Kigoroshi

Three months of maturation, a hundred hours of outstanding artisanal work, and one final sanding, the wooden work of art, adorned with the stars of its constellation, reaches its point of completion. While its surface is already an invitation to the culinary arts, the piece cannot yet be considered a true Arakuto altar. To become one, its wooden body must be invested with its sacred dimension. It is at this stage that Thierry Forbois will perform Kigoroshi, the ritual of the strike, a short ceremony intended to consecrate the piece.

After the creator of Arakuto withdrew into himself to commune and pay tribute to the tree sacrificed for its wood, he will strike a sledgehammer on a steel punch placed on the maple edge of the future altar.
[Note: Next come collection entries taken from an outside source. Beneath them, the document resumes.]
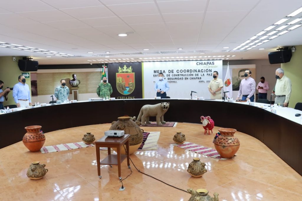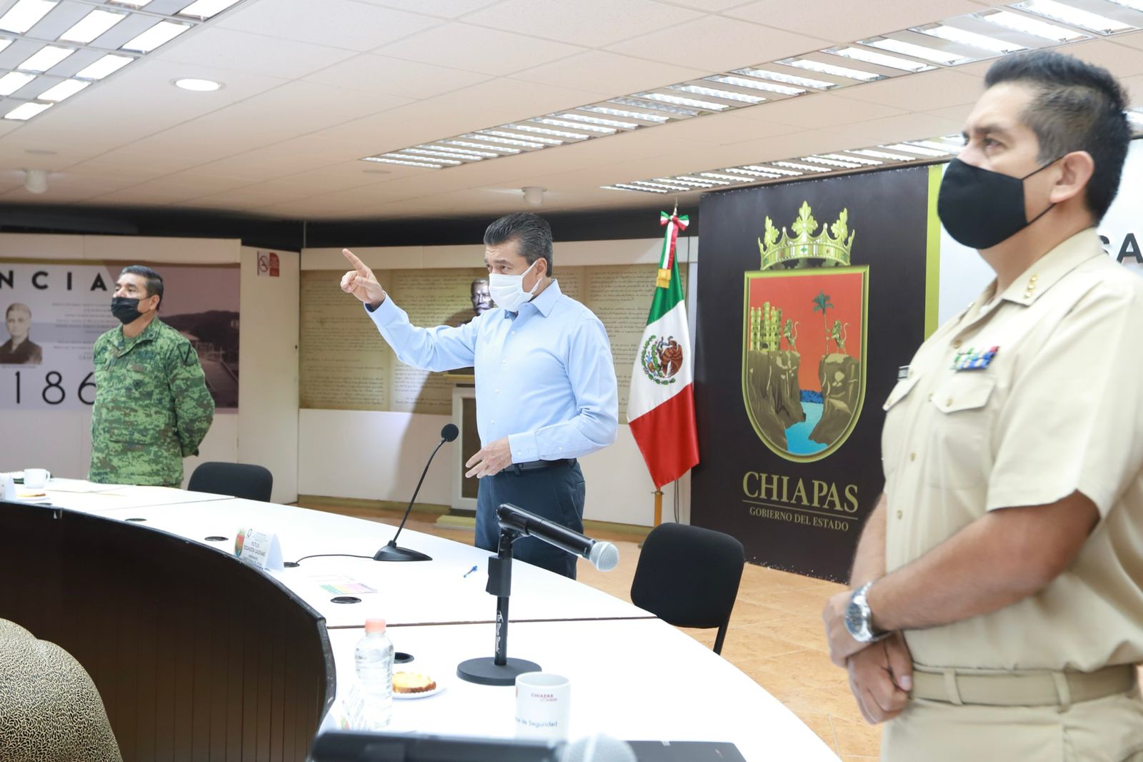 En el marco de la Mesa de Seguridad, el gobernador Rutilio Escandón Cadenas sostuvo que Chiapas va bien en el control y combate al COVID-19, muestra de ello es que registra más de un año en color verde del Semáforo Epidemiológico y mantiene la tasa más baja en casos y defunciones a nivel nacional, sin embargo, dijo, es fundamental vacunarse y continuar con las medidas preventivas para avanzar en la erradicación de la pandemia.
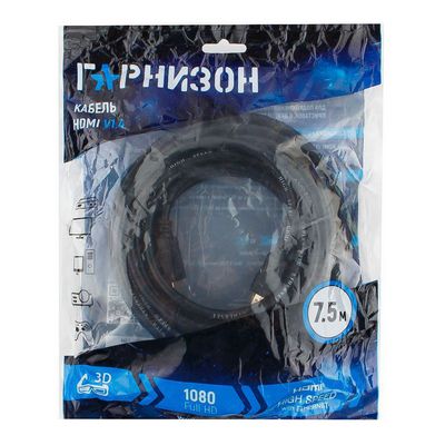 Кабель Гарнизон GCC-HDMI-7.5M HDMI Гарнизон 7.5м, v1.4, M/M, черный, пакет (GCC-HDMI-7.5М)
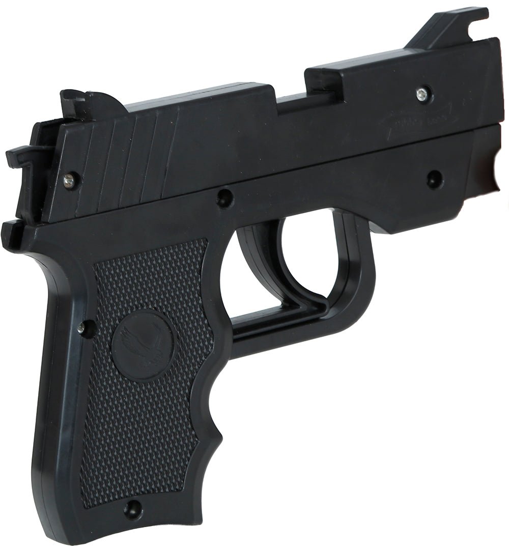 Apporte de l'action et du plaisir aux jeux avec ce pistolet élastique noir de 17 cm. Parfait pour des défis passionnants, des duels amusants ou simplement pour s'amuser sans fin.

This solemn gesture, which forgives no hesitation, will leave an indelible scar, the mark of a square, image of a piece of wood: the Arakuto emblem. Through this rite of passage, the piece enters the realm of the sacred: from now on, it is an Arakuto altar.

Thus, once each day for three days, the culinary altar shall be anointed with pure linseed oil. Then, on the fourth day, a balm shall be applied unto it — a precious blend of jojoba, coconut, and argan oils, beeswax, and carnauba wax, to which have been added the essential oils of lemon, frankincense, and benzoin.

The Arakuto emblem marking each culinary altar is the result of the impact of a steel punch. A method inspired by a Japanese technique for compressing wood fibers known as Kigoroshi. Used in traditional wood arts and joinery, the term kigoroshi means 'to kill wood.'

The Arakuto emblem marking each culinary altar is the result of the impact of a steel punch. A method inspired by a Japanese technique for compressing wood fibers known as Kigoroshi. Used in traditional wood arts and joinery, the term kigoroshi means 'to kill wood.'

A Sacrifice to Honor

Long before the very concept of culinary altar emerged — this idea that a surface for preparing the plants and animals we consume could become a chosen space for reconnection with oneself and the real, a place where life and sacredness meet daily — long before a first form of altar was shaped from clay by the hands of its creator, before other hands, masters in the art of transfiguring wood, sculpted its body; before a first constellation was inlaid upon it; before the very first ritual of the strike consecrated the wooden work to make it an Arakuto altar: there was… a tree. The life of a tree.

A life that began a hundred years ago, at the heart of a North American forest, when a majestic maple, swayed by a late spring breeze, released one of its samaras. The winged seed swirled for a moment before settling on a small patch of warm earth, where it nestled in. The seed became a sprout. Then a seedling. Before its slender stem was cloaked in a thin skin of bark. From one spring to the next, the little tree gained girth and height. And for decades, far from the stirrings of the human world, unaware of wars and revolutions, it continued its slow ascent toward the sun, stretching its roots into the unseen depths of the earth. It endured the bites of winter, the snows and freezing rains, braved the summer fumes from fires that ravaged stretches of nearby forests, spared by the luck of the winds, or by fate. After a century, the maple had become a pillar of its kind, a living guardian offering shade, shelter, and sustenance to countless lives.

Until the day when forest workers, reaching the foot of this centuries-old maple, deemed it ready to be harvested. They methodically sawed it down, putting an end to its life as a tree. Its wood, considered to be of the highest quality, would be destined for fine woodworking. It would become furniture, toys, musical instruments, objects of art or utility...

Caught in the rush of our modern lives, it rarely crosses our minds that our existence comes at the cost of other beings — animals, plants, trees… We know this, though it is easy to ignore: to live, we must take life. To live, we must kill.

Accepting this truth, and recognizing that shortening the life of another being to extend our own is no trivial act, allows us to see the necessity of death through the lens of sacrifice. For it is not death that defines sacrifice, but the value we place on the life that is taken. Only what we hold dear can truly be called a sacrifice. And what we hold dear is, by its very nature, sacred.

Thus, every time we realize that our life depends on the lives of beings whose existence we shorten, and every time we honor their sacrifice — with a sincere thought, a sense of respect, or a gesture of gratitude — we renew our ancient bond with the living world, reconcile our soul with the soul of the world, and become worthy of the 'species apart' status we claim to hold in the hierarchy of life. In doing so, we restore, in our daily lives, the sense we had lost — the sense that defines our humanity: the sense of the sacred. Therein lies the raison d'être and the true spirit of an Arakuto altar.